17th IEEE International Conference on Machine Learning and Applications
IEEE’s ICMLA 2018 (International Conference on Machine Learning and Applications) held December 17-20, in Orlando FL, aimed to bring together researchers and practitioners to present their latest achievements and innovations in the area of machine learning (ML). The Conference provided an international forum for the dissemination of original research in ML, with emphasis on applications as well as novel algorithms and systems. Following the success of previous ICMLA conferences, the Conference aimed to attract researchers and application developers from a wide range of ML related areas as the recent emergence of Big Data processing brings an urgent need for machine learning to address these new challenges. The Conference covered both machine learning theoretical research and its applications. Contributions describing machine learning techniques applied to real-world problems and interdisciplinary research involving machine learning, in fields like medicine, biology, industry, manufacturing, security, education, virtual environments, games, were especially encouraged.
Participants included CCS’s Big Data Analytics and Data Mining Program Director Mitsu Ogihara and Postdoctoral Associate Gang Ren, who attended the Conference and presented their paper (#585) as part of Special Session: Machine Learning Algorithms, Systems, and Applications (Short Papers): “The Semantic Shapes of Popular Music Lyrics: Graph-Based Representation, Analysis, and Interpretation of Popular Music Lyrics in Semantic Natural Language Embedding Space” (authors: Mitsunori Ogihara, Daniel Galarraga, Gang Ren, and Tiago Tavares).

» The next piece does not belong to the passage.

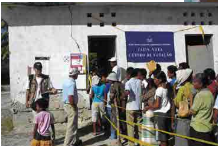
Election observers visiting a polling center (Timor-Leste, 2007)

M. Ogihara, D. Galarraga, G. Ren and T. Tavares, The Semantic Shapes of Popular Music Lyrics: Graph-Based Representation, Analysis, and Interpretation of Popular Music Lyrics in Semantic Natural Language Embedding Space, 2018 17th IEEE International Conference on Machine Learning and Applications (ICMLA), Orlando, FL, 2018, pp. 1249-1254, doi: 10.1109/ICMLA.2018.00203.